**About this exercise:** For the entries below, the expected answer is the line with "Material: Premium faux", the line with "卡塔尔建筑点亮为贝利祈福。图/视觉中国", and every line between them, exactly as written, and nothing more.

**Dataset:**
□ □ □ □ □

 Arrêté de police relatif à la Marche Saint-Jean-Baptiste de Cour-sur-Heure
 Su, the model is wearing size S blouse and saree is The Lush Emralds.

□ □ □ □ □

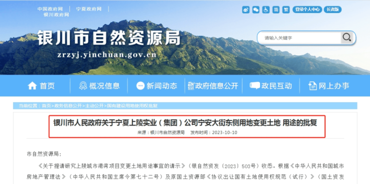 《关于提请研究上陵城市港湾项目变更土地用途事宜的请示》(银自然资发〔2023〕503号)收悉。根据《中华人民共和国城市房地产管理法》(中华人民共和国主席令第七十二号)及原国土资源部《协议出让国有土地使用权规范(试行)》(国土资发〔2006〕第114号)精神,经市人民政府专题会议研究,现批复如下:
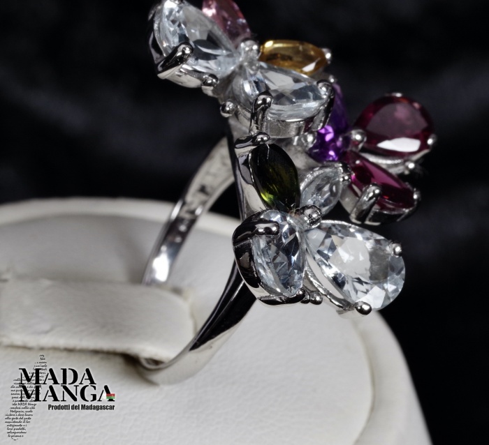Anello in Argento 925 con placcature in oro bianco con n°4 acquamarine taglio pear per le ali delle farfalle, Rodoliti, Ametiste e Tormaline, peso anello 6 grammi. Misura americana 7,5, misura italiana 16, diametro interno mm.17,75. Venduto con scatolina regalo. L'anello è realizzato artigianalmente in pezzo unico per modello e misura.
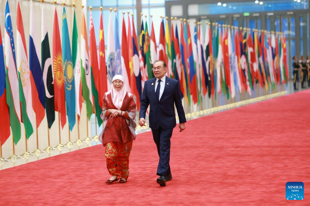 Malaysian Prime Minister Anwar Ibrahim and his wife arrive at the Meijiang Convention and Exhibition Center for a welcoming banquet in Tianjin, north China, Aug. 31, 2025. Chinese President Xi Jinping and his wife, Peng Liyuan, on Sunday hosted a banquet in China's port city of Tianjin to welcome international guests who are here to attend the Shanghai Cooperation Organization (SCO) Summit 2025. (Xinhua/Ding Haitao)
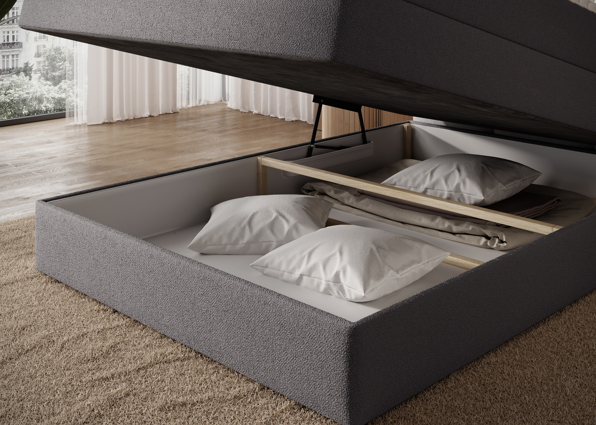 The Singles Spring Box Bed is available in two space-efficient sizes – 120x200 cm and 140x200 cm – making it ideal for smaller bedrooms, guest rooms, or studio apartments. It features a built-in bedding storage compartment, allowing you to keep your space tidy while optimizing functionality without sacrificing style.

□ □ □ □ □

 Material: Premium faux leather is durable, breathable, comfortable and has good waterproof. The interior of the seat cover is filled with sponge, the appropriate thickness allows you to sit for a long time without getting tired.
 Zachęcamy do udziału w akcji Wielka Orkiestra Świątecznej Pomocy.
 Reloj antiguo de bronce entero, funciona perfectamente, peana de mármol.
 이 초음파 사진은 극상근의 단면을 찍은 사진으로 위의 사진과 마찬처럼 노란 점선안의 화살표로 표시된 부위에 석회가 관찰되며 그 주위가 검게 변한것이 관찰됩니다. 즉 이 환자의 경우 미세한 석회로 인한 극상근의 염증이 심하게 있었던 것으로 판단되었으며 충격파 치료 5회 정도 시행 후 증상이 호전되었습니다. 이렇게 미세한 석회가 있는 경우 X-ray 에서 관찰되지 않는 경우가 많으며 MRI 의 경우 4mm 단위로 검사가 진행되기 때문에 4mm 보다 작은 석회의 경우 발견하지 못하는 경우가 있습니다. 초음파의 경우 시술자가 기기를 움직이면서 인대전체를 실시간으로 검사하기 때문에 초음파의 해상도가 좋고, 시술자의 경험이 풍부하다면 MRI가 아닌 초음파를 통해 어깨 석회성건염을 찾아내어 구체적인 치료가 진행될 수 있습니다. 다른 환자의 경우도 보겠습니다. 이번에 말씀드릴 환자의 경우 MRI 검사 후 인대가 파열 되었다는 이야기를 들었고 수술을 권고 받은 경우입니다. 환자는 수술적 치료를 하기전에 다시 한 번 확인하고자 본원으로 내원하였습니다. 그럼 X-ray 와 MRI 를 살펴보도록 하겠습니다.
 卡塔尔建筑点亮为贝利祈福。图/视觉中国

□ □ □ □ □

**Answer for this exercise:**
 Material: Premium faux leather is durable, breathable, comfortable and has good waterproof. The interior of the seat cover is filled with sponge, the appropriate thickness allows you to sit for a long time without getting tired.
 Zachęcamy do udziału w akcji Wielka Orkiestra Świątecznej Pomocy.
 Reloj antiguo de bronce entero, funciona perfectamente, peana de mármol.
 이 초음파 사진은 극상근의 단면을 찍은 사진으로 위의 사진과 마찬처럼 노란 점선안의 화살표로 표시된 부위에 석회가 관찰되며 그 주위가 검게 변한것이 관찰됩니다. 즉 이 환자의 경우 미세한 석회로 인한 극상근의 염증이 심하게 있었던 것으로 판단되었으며 충격파 치료 5회 정도 시행 후 증상이 호전되었습니다. 이렇게 미세한 석회가 있는 경우 X-ray 에서 관찰되지 않는 경우가 많으며 MRI 의 경우 4mm 단위로 검사가 진행되기 때문에 4mm 보다 작은 석회의 경우 발견하지 못하는 경우가 있습니다. 초음파의 경우 시술자가 기기를 움직이면서 인대전체를 실시간으로 검사하기 때문에 초음파의 해상도가 좋고, 시술자의 경험이 풍부하다면 MRI가 아닌 초음파를 통해 어깨 석회성건염을 찾아내어 구체적인 치료가 진행될 수 있습니다. 다른 환자의 경우도 보겠습니다. 이번에 말씀드릴 환자의 경우 MRI 검사 후 인대가 파열 되었다는 이야기를 들었고 수술을 권고 받은 경우입니다. 환자는 수술적 치료를 하기전에 다시 한 번 확인하고자 본원으로 내원하였습니다. 그럼 X-ray 와 MRI 를 살펴보도록 하겠습니다.
 卡塔尔建筑点亮为贝利祈福。图/视觉中国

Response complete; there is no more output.